We also set the data directory to the data folder, where the data will be downloaded by the spanishoddata package.

spod_set_data_dir("data")

1.1 Loading the data

We will download data for the city of Madrid, for two days: May 2nd and May 9th, 2024. May 2nd is a holiday in Madrid, so we can expect different mobility patterns compared to a regular Thursday like May 9th.

dates <- c("2024-05-02", "2024-05-09")

If you are using our provided Binder container in a web browser to follow the tutorial, do not try to analyze more than 2 days at once, as it will likely crash the instance. In this case, even the magic of DuckDB does not help overcome the 2GB memory limit. If you computer has 4-8 GB of RAM, you should be good to go.

For these days, we download the data using spod_get().

If you are using our pre-converted data from SSD

If you are using the files copied from the SSD passed around during the workshop (kindly, remember to return it), you can instead use spod_connect() function to load the pre-converted data in DuckDB format that is optimized for speed. In this case you will be able to quickly analyze multiple dates available in respective folders of the SSD. Open the *.Rproj file in the root of the folder you copied and see some starter code in start-here.R to point the spod_connect() towards a *.duckdb file.

Folder	Dates
5GB_2023_15-aug-15-sep_od_distr	15 August — 15 September 2023
10GB_2023_aug-sep_od_distr	1 August — 30 September 2023
15GB_2023_jul-aug-sep_od_distr	1 July — 30 September 2023
60GB_2023_od_distr	1 January — 31 December 2023

flows <- spod_get(
  type = "origin-destination",
  zones = "districts",
  dates = dates
)

These are origin-destination flows, which contain several million rows. For creating flow maps, we are interested in the total number of flows between each pair of districts. Therefore, we count the number of trips between each pair of origin and destination districts. The result is a data frame with three columns: o (origin), d (destination), and value (number of trips).

total_flow_counts <-
  flows |>
  group_by(o = id_origin, d = id_destination) |>
  summarise(value = sum(n_trips, na.rm = TRUE), .groups = "drop") |>
  arrange(desc(o), d, value) |>
  collect()

head(total_flow_counts)

# A tibble: 6 × 3    
  o        d        value
  <fct>    <fct>    <dbl>
1 31260_AM 01017_AM 32.8 
2 31260_AM 01028_AM 27.7 
3 31260_AM 01036     3.92
4 31260_AM 01051     2.51
5 31260_AM 0105902  22.3 
6 31260_AM 0105903   6.24

Besides the flow data, we also want the spatial boundaries of the districts for visualisation purposes. We can access these districts using the spod_get_zones() function, and we can filter for the Madrid region using the luas_mitma column, which contains the name of the region.

Because we first want to work with flowmapblue, which expects inputs to be in the WGS84 coordinate reference system, we transform the districts to the WGS84 system (EPSG:4326).

zones <- spod_get_zones(zones = "districts", ver = 2)

zones_madrid_4326 <- zones |>
  filter(luas_mitma == "GAU Madrid") |>
  st_transform(4326) # flowmapblue assumes coordinates in wgs84

For these districts, we extract the centroids, which will be used as the position of the nodes in all the graph visualisations we will be able to create.

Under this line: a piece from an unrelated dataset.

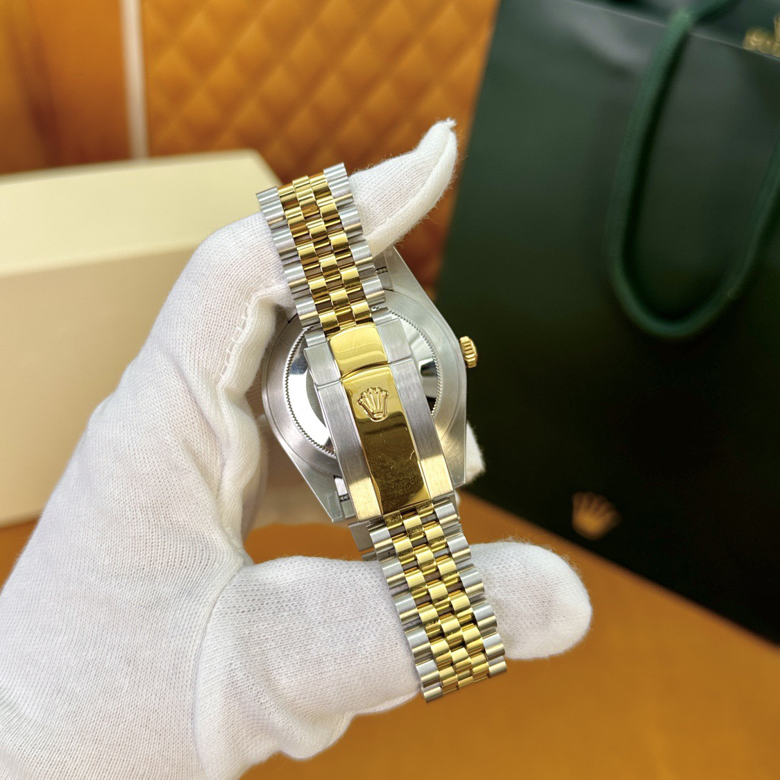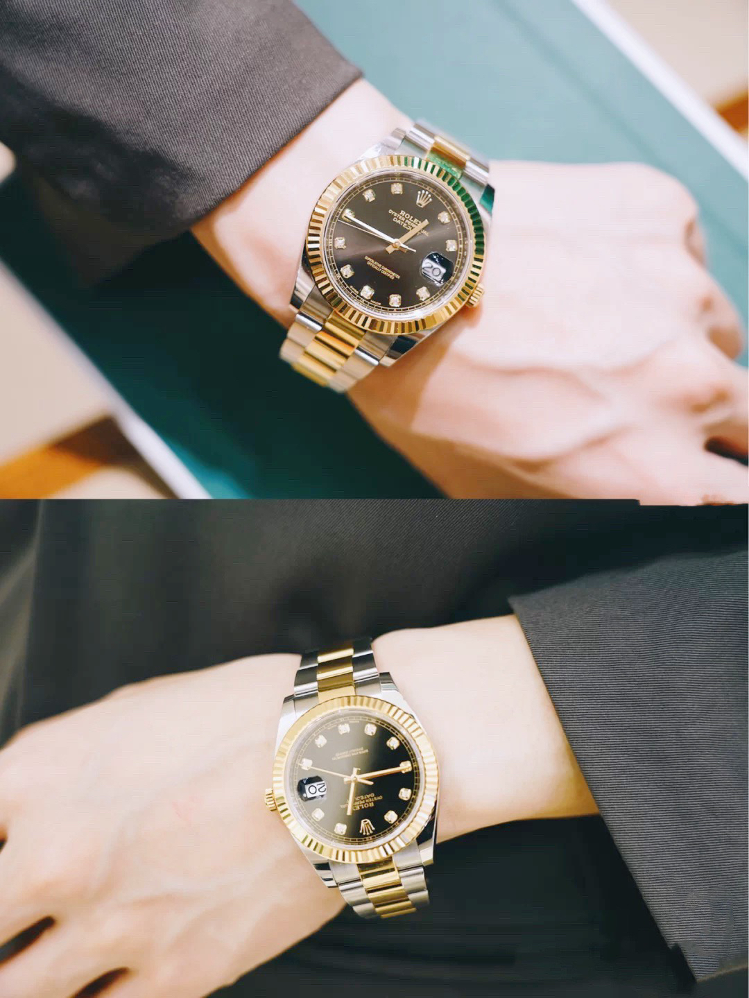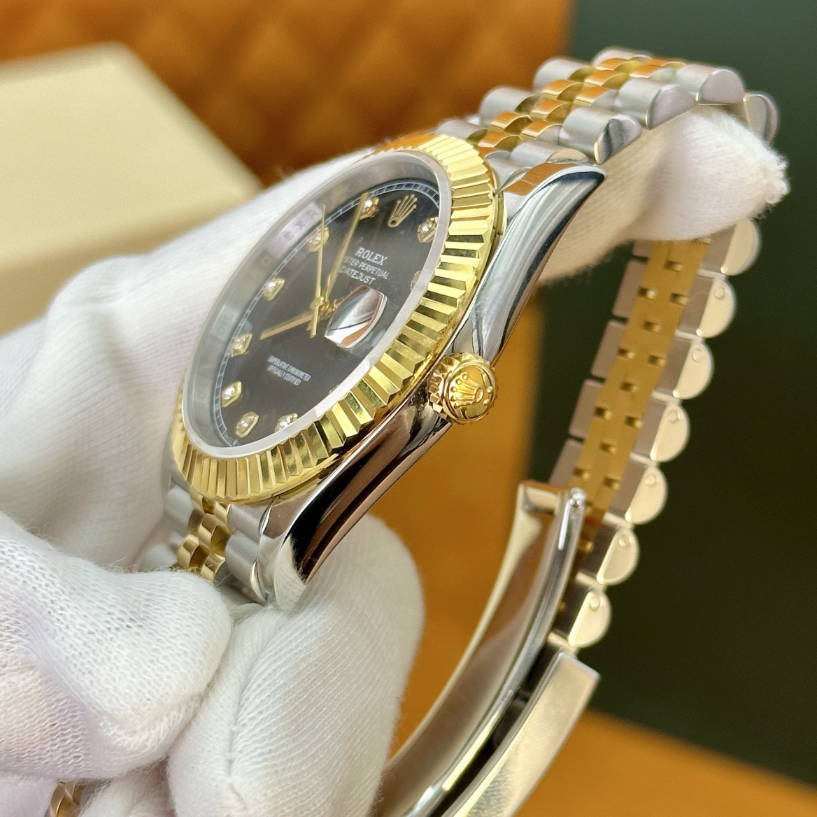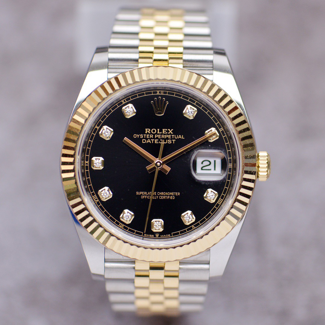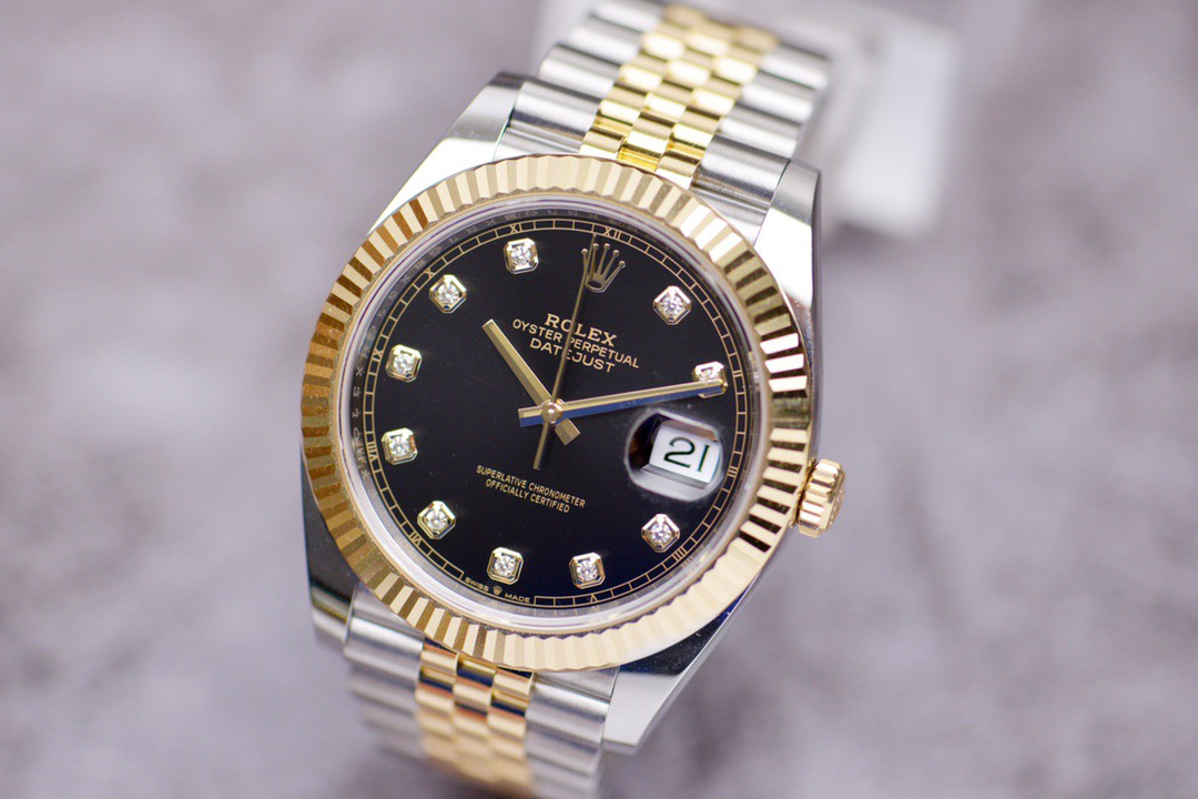 The perfect version of the black disc log features the original 3235 automatic mechanical movement, 904L stainless steel paired with a golden case and strap, with a smooth texture that can be fully pulled and pushed. The electroplated platinum teeth ring is durable and not easy to fade!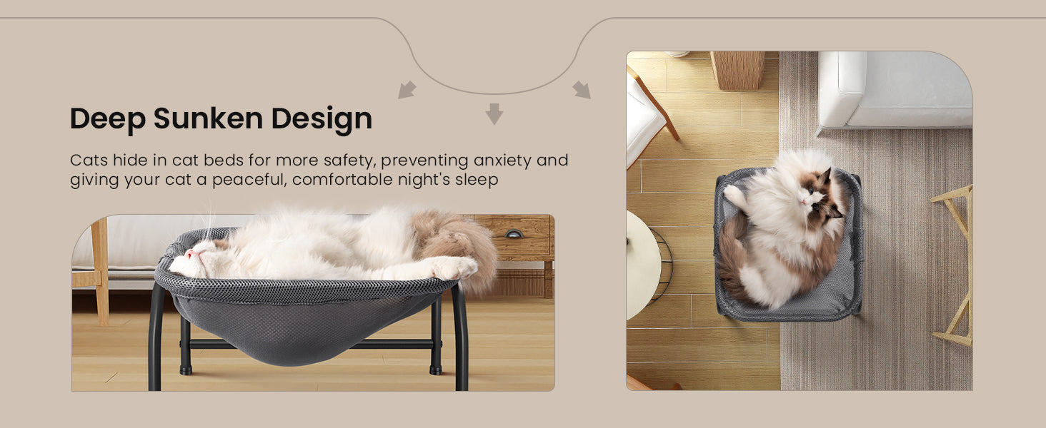 This large cat bed upgrade foot plug and foot plug protector design. You can adjust the height of the cat bed by the retractable foot plug at any time, the cat bed is stability even when placed on uneven ground. Non-slip foot plug protector can protects the floor from friction.

zones_madrid_coords_4326 <-
  zones_madrid_4326 |>
  st_centroid() |>
  st_coordinates() |>
  as.data.frame() |>
  mutate(name = zones_madrid_4326$id) |>
  rename(x = X, y = Y)

For visualising the Madrid regions, we only keep flows which both originate and end in the Madrid region.

total_flow_counts_m <-
  total_flow_counts |>
  filter(o %in% zones_madrid_4326$id & d %in% zones_madrid_4326$id)

head(total_flow_counts_m)

# A tibble: 6 × 3
  o     d       value
  <fct> <fct>   <dbl>
1 28903 28002    78.0
2 28903 28004    58.6
3 28903 2800501 131. 
4 28903 2800502 168. 
5 28903 2800503 156. 
6 28903 2800504 177.

2 Interactive visualizations with flowmapblue

2.1 Setting the mapbox token

We will use the flowmapblue library to create an interactive flow map. This package uses Mapbox for rendering the background basemap, so we need to set a Mapbox access token. You can get a free token by signing up at Mapbox.

Tip

You can also copy our API key for MapBox from this doc, but it will only work on the day of the workshop, so we recommend you to get your own free token if you plan to keep on using {flowmapblue} after the workshop.

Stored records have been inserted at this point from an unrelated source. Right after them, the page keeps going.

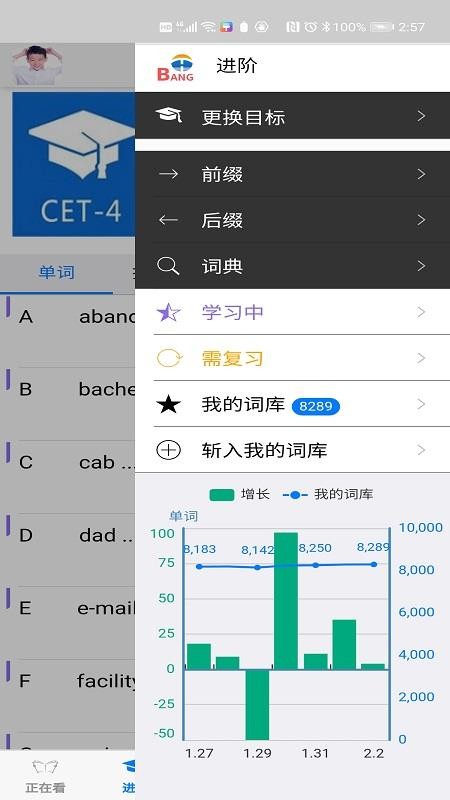 4、进入进阶版块,选择自己的考试目标,在线背诵考试词汇,了解自己的词汇量变化情况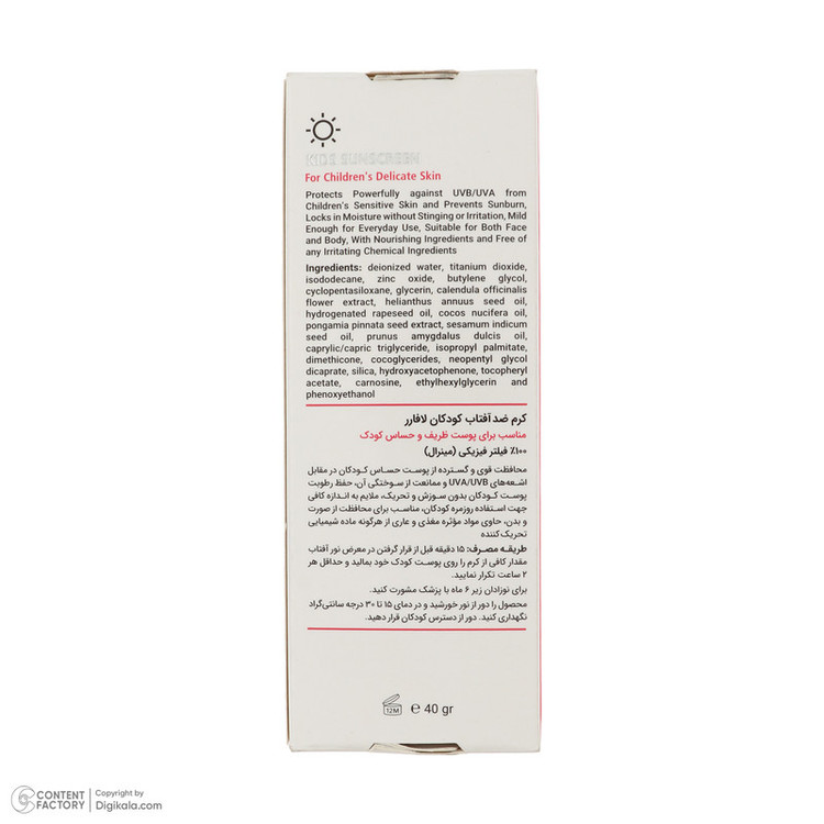 مناسب برای پوست ظریف و حساس کودک 100% فیلتر فیزیکی (مینرال) SPF30+ PA+++ فرمولاسیون ملایم و ضد حساسیت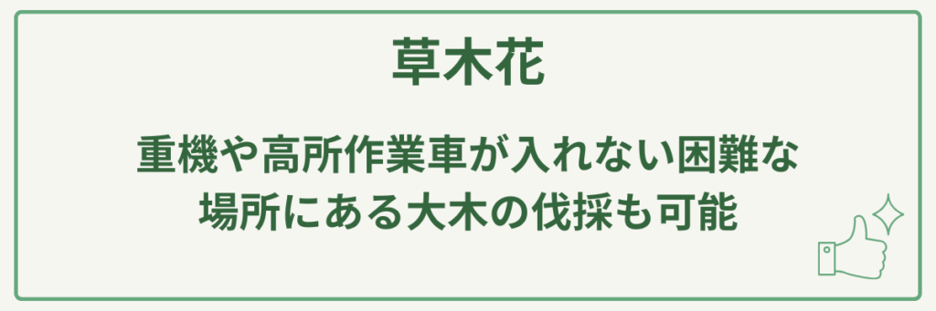 そのため、他社では対応が難しい場所にある危険木や高木の伐採を確実に任せたい人におすすめです。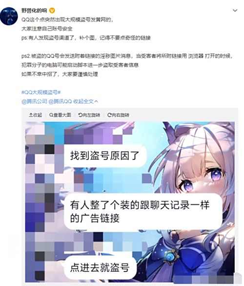 有博主判断,疑似有人制作了一个盗号链接,伪装成聊天记录,点进去就盗号。而且被盗的QQ号会发送附着链接的淫秽图片消息,当受害者将所附链接打开的时候,犯罪分子的电脑可能启动脚本进一步盜取受害者信息。
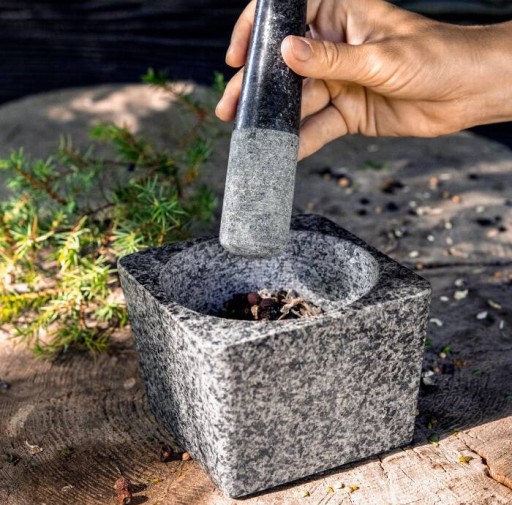 Znakomicie ułatwia przyrządzanie tradycyjnego pesto, służy do rozgniatania przypraw, ziół, mieszanek smakowych itp.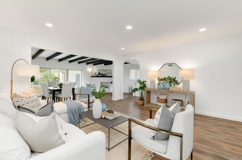 WOW!! You really have to see this home!! It is very spacious and has been almost completely renovated! It is in the highly desirable Upper South end of Allied Gardens area by Del Cerro's Navajo Rd. Every room has been upgraded! Some of the features are the high-end Quartz kitchen counters, dishwasher, range oven, microwave refrigerator, and backsplash. It has more than plenty of storage cabinets. This home even has a brand NEW roof ! It has fresh paint inside and outside. You will love the beautiful corner fireplace in the family room. This room offers an abundance of natural light from the triple glass sliding doors. There are elegant wood beams in the family room, along with new recessed lighting in the living room. All bathrooms are new and the primary bedroom features a new en suite! New windows and a welcoming front door enhance the home. The long driveway provides extra parking in addition to street parking. There is a detached garage at the end of the driveway. The very private fenced-in yard features fruit trees, an easy-maintenance landscape and a covered patio. All three levels of schools are walking distance as well as shopping, churches, community park and dog park! Freeways are minutes away and by SDSU. Horner street just had new sewer and water street pipes installed weeks ago. Its like a NEW home and ready for you to start building memories!!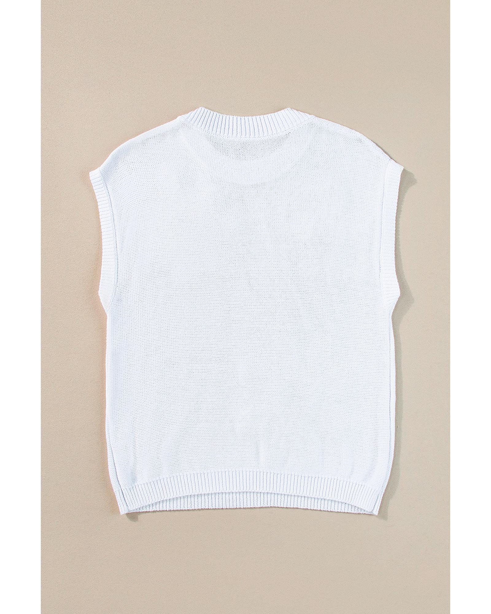 White Multi Crochet Flower Knit Short Sleeve Sweater Tops – XL

# Sys.setenv(MAPBOX_TOKEN = your_mapbox_token)

2.2 Creating the flowmap

We then load the flowmapblue library.

library(flowmapblue)

flowmapblue expects data in a specific format:

A flows data frame, which should contain the columns origin, dest, and count.
Alocations data frame, which should contain the columns id, lon, and lat.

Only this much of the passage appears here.